Записи 1 в У-М столбце матрицы М соответствуют информационным элементам dt , которые необходимы для получения значений элементов d. и образуют множество элементов предшествования A ( d.) для этого элемента. Записи 1 в /-и строке матрицы М соответствуют всем элементам d '., достижимым из рассматриваемого элемента d. и образующим множество достижимости R ( d.) этого элемента. Информационные элементы, строки которых в матрице М не содержат единиц (нулевые строки), являются выходными информационными элементами, а информационные элементы, соответствующие нулевым столбцам матрицы М, являются входными. Это условие может служить проверкой правильности заполнения матриц В и М, если наборы входных и выходных информационных элементов известны. Информационные элементы, не имеющие нулевой строки или столбца, являются промежуточными.

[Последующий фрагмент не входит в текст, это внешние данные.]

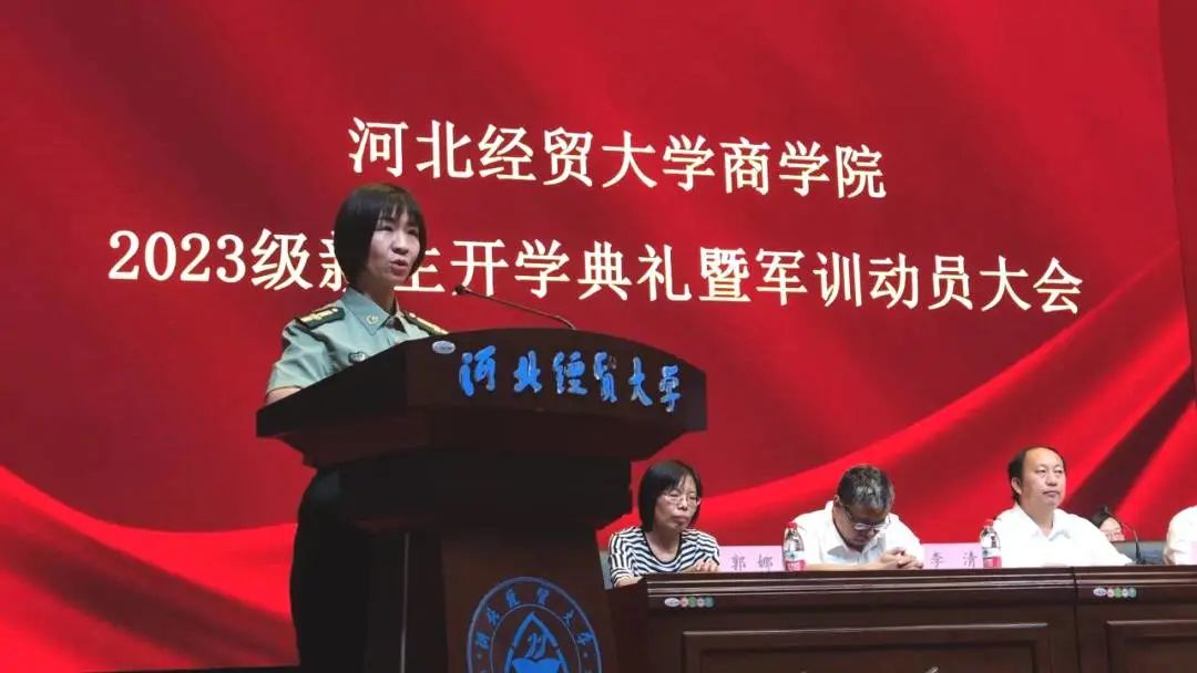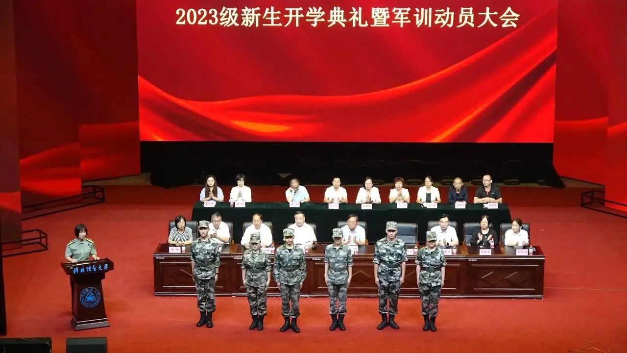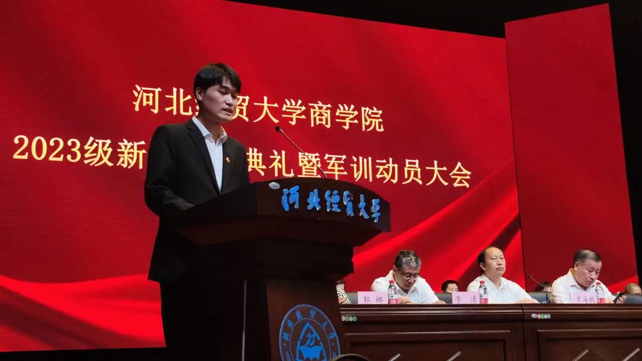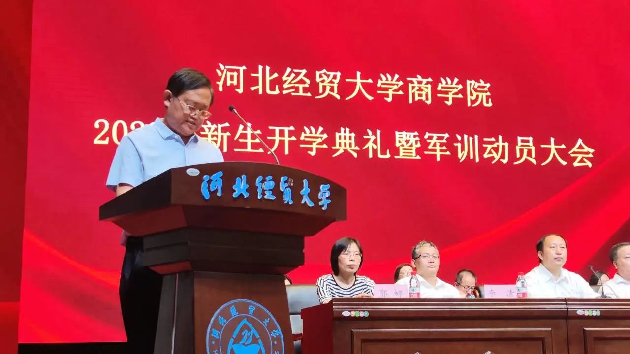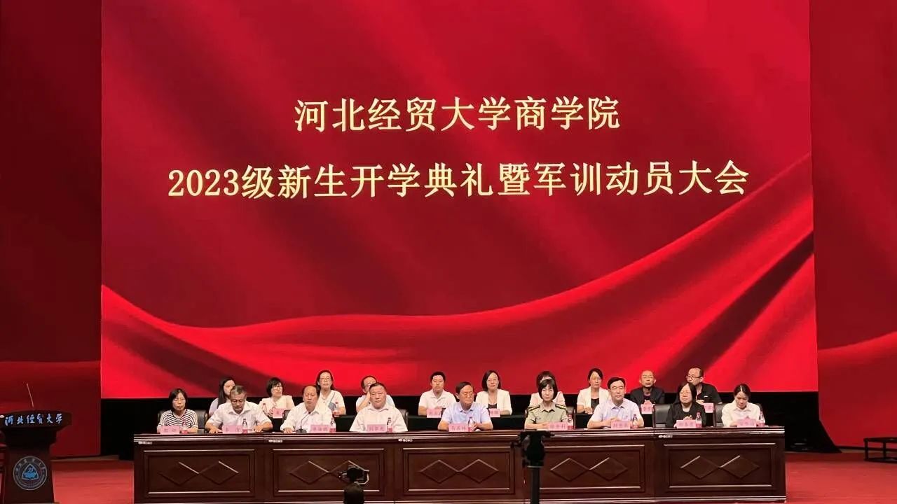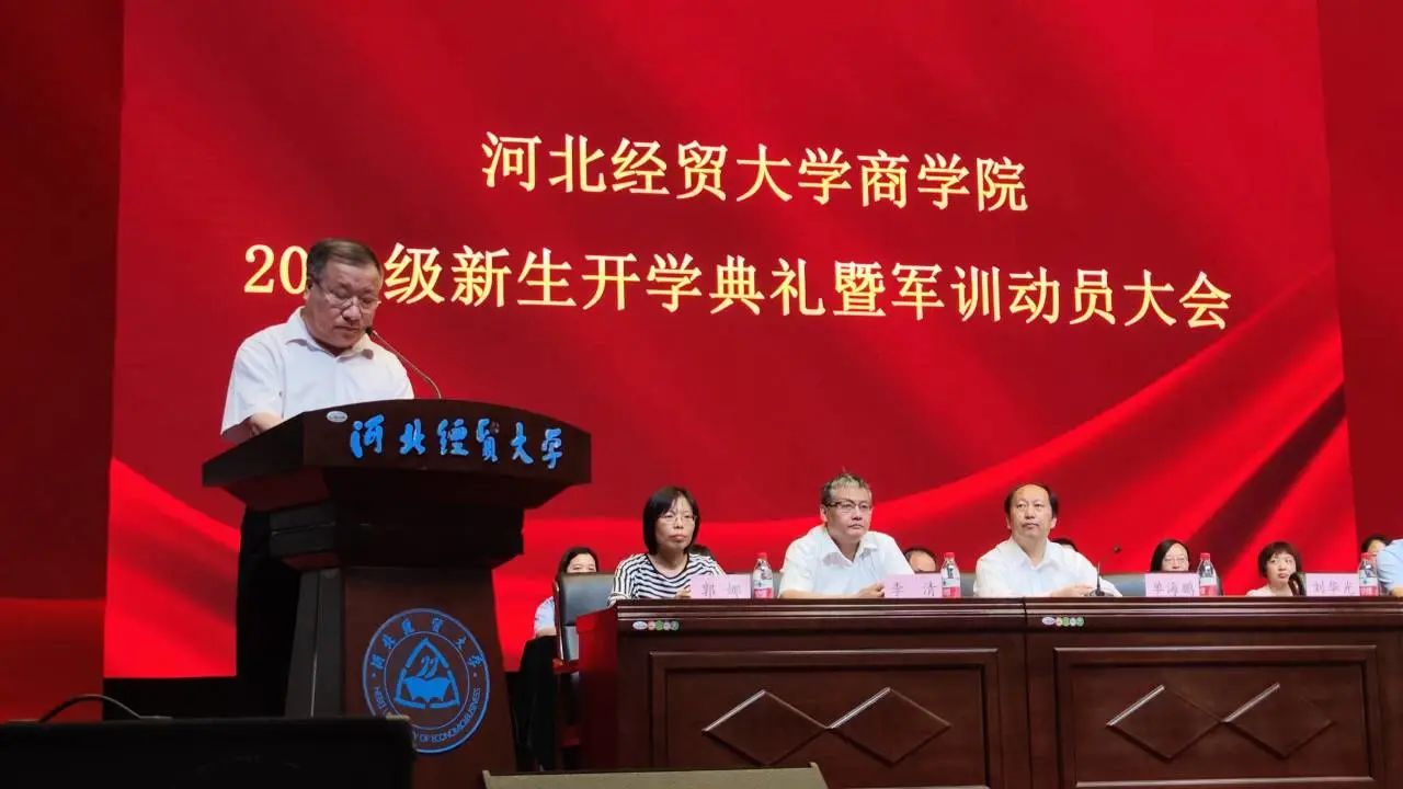 8月24日下午三点,商学院在校礼堂隆重举行2023级新生开学典礼暨军训动员大会。商学院党委书记马兵林、院长刘华光、党委副书记侯彦利、副院长单海鹏、刘振滨、正处级辅导员韩意来、各系主任、各科室负责人以及2023级全体新生辅导员老师参加本次活动,会议由单海鹏主持。
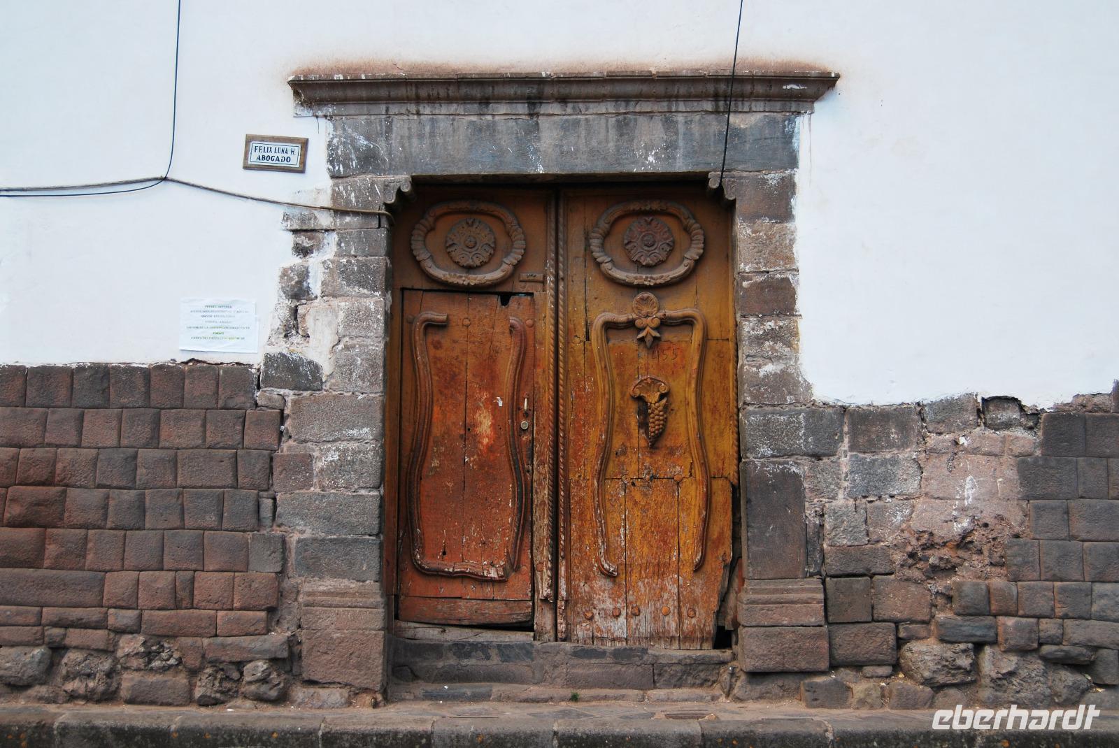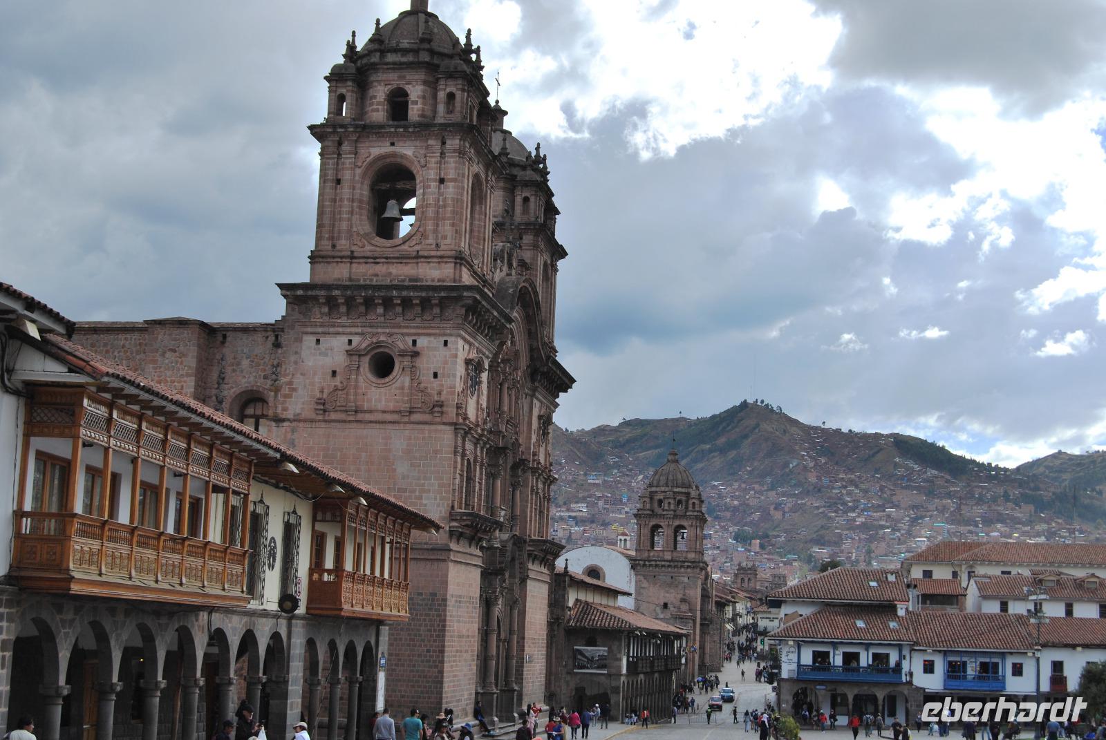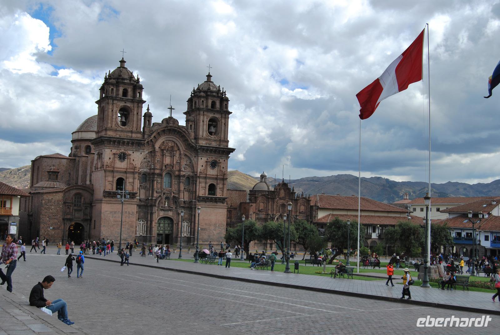 Wir gehen in die Kathedrale von Cusco, dem Templo de la Sagrada Familia. Mit der Eroberung Südamerikas versuchten die Spanier die Ureinwohner zum katholischen Glauben zu bekehren. Sie errichteten Kirchen und Kathedralen auf den Ruinen von Tempeln, die sie zerstört hatten. So kamen Baumeister aus Europa nach Cusco und gründeten eine Schule im 17. Jahrhundert. Sie unterrichteten die Einheimischen in der Bildhauerkunst. Mit der Zeit entwickelte sich ein neuer Stil - der Anden-Barock! Ein wunderschönes Beispiel ist der Templo de la Sagrada Familia, wo drei Gotteshäuser zu einem verschmolzen sind. Zahlreiche Symbole und florale Ornamente der Anden und der Inkas sind in die katholische Kirche geflossen. Die Eroberer konnten die Welt der Inkas nie zerstören, denn selbst in dem aufgesetzten Glauben den die Eroberer den Inkas aufzwangen, lebte die ursprüngliche Kultur weiter. Gold bedeutet Sonne, Silber ist der Mond. Man findet zahlreiche Spiegelflächen in der Kirche, was zum einen das Silber ersetzen sollte, aber zum anderen für die Inka-Bevölkerung neu, exotisch und göttlich gewesen sein muss. Für die Spanier war dies ein guter Ersatz, denn so konnten sie mehr Silber mit nach Spanien ausführen.
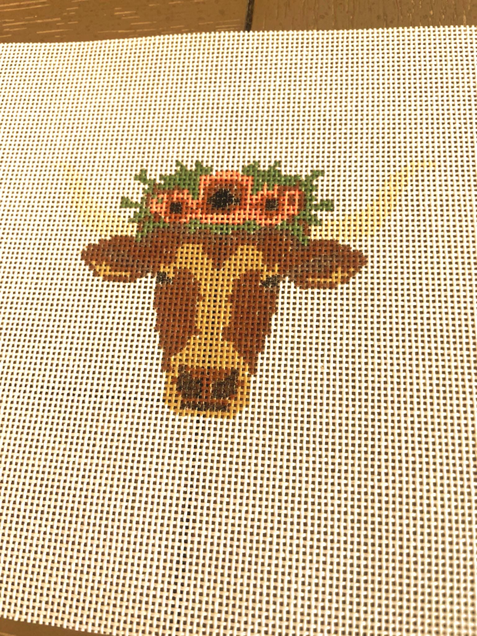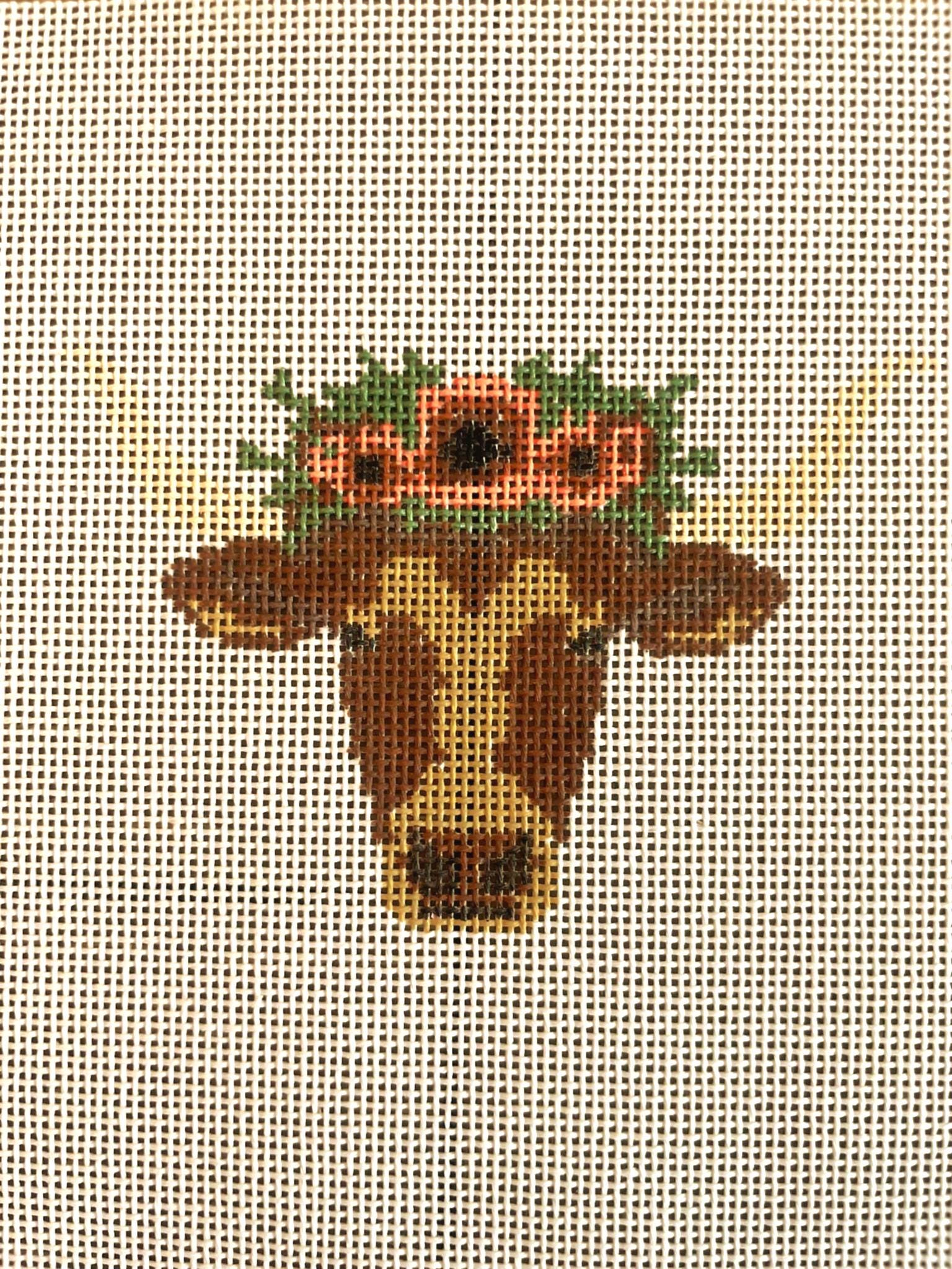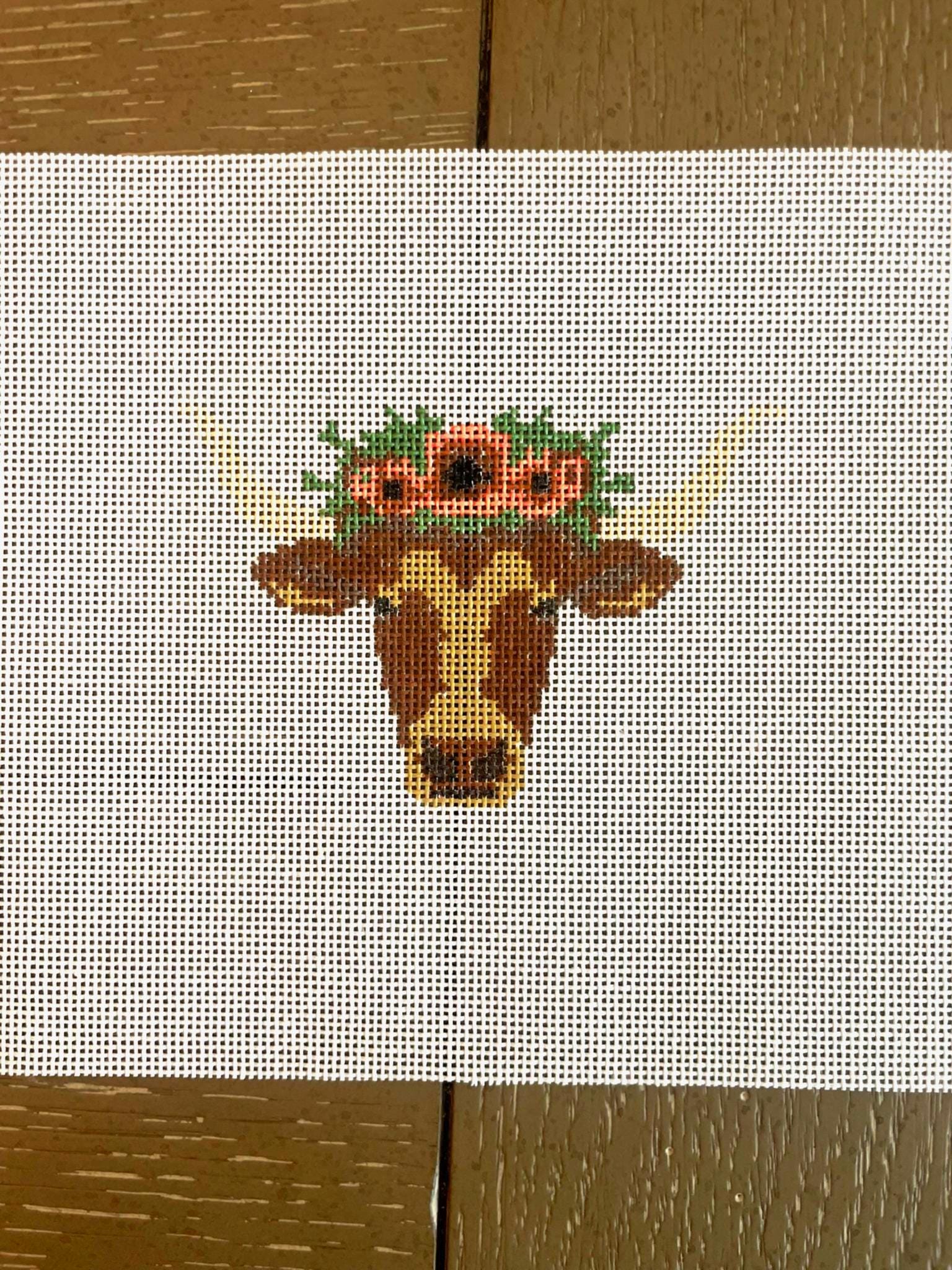 Celebrate Texas style with this charming hand-painted needlepoint canvas featuring a Longhorn adorned with a fall floral crown. A perfect mix of rustic charm and seasonal beauty, this canvas makes a fun project for stitchers of all levels.
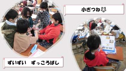 今日の音楽は、わらべうたや小ぎつねの鍵盤ハーモニカの学習を行いました。
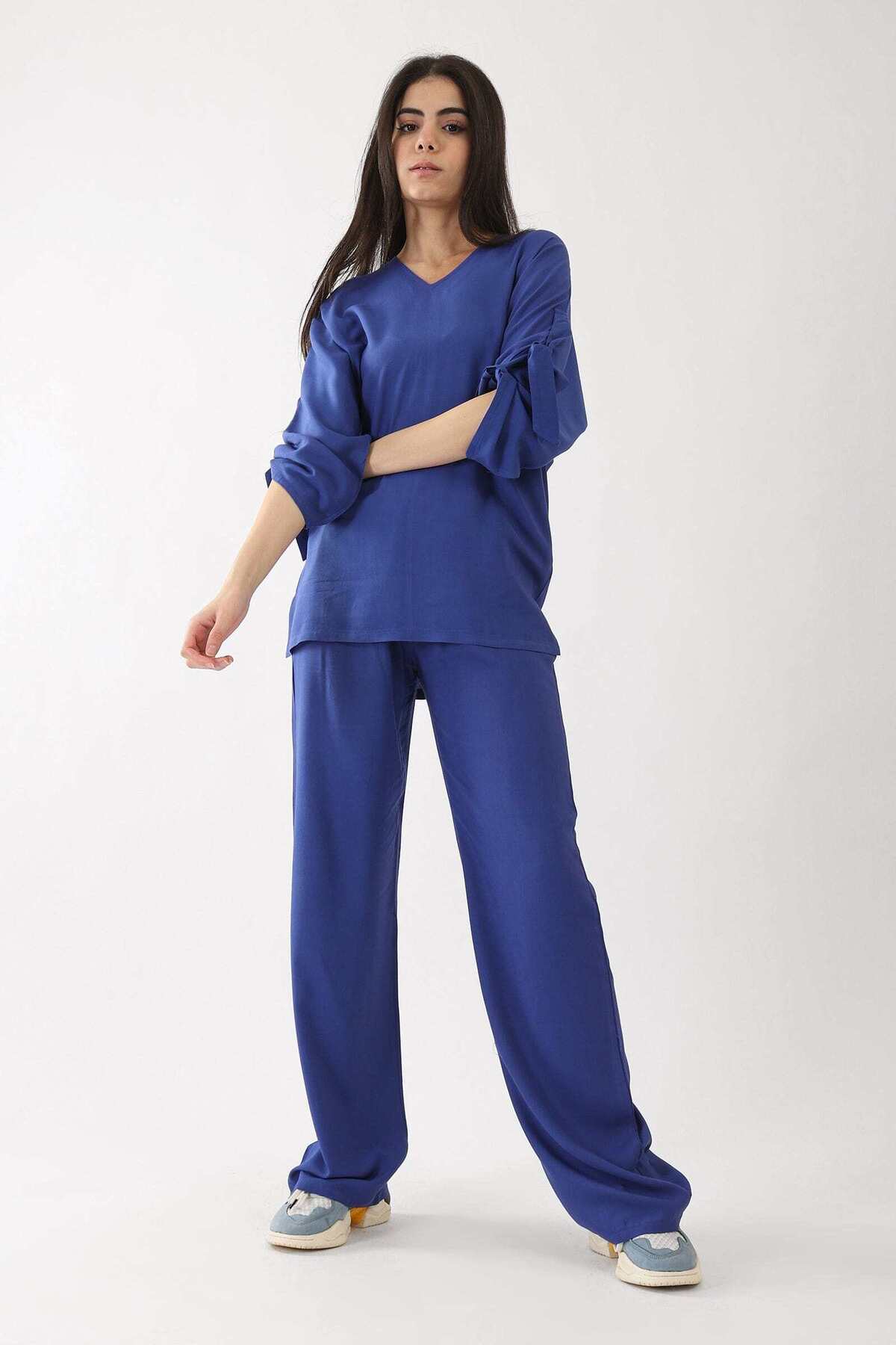ميزات بلوزة سادة بأكمام طويلة وربطة عنق من CARINA

находиться на какой-то конкретной кривой не может быть реализовано, если данная кривая нигде не пересекает множество достижимости. Что касается кривой /,, то существует несколько портфелей, которые может выбрать инвестор (например, О). Однако рисунок показывает, что портфель О*является наилучшим из этих портфелей, так как он находится на кривой безразличия, расположенной выше и левее. Рисунок 8.3 показывает, что инвестор с высокой степенью избегания риска выберет портфель, расположенный близко к точке Е. Рисунок 8.4 показывает, что инвестор с низкой степенью избегания риска выберет портфель, расположенный близко к точке У.

С появлением на рынке безрискового актива инвестор получил возможность вкладывать часть своих денег в этот актив, а остаток — в любой из рискованных портфелей, содержащихся во множестве достижимости Марковица. Появление новых возможностей существенно расширяет множество достижимости и, что важнее, изменяет расположение значительной части эффективного множества Марковица. Суть этих изменений должна быть проанализирована, так как инвесторы заинтересованы в выборе порт-

Как уже говорилось, множество достижимости существенно изменяется в результате рассмотрения безрискового кредитования. На рис. 9.3 показано, как меняется множество достижимости для рассматриваемого примера. Теперь в сочетании с безрисковым активом рассматриваются всевозможные комбинации не только акций Able и РАС, но и всех остальных рискованных активов и портфелей. В частности, обратите внимание на то, что две границы являются прямыми линиями, выходящими из точки, соответствующей безрисковому активу. Нижняя линия соединяет две точки, соответствующие безрисковому активу и акциям Baker. Поэтому она представляет портфели, являющиеся комбинациями акций компании Baker и безрискового актива.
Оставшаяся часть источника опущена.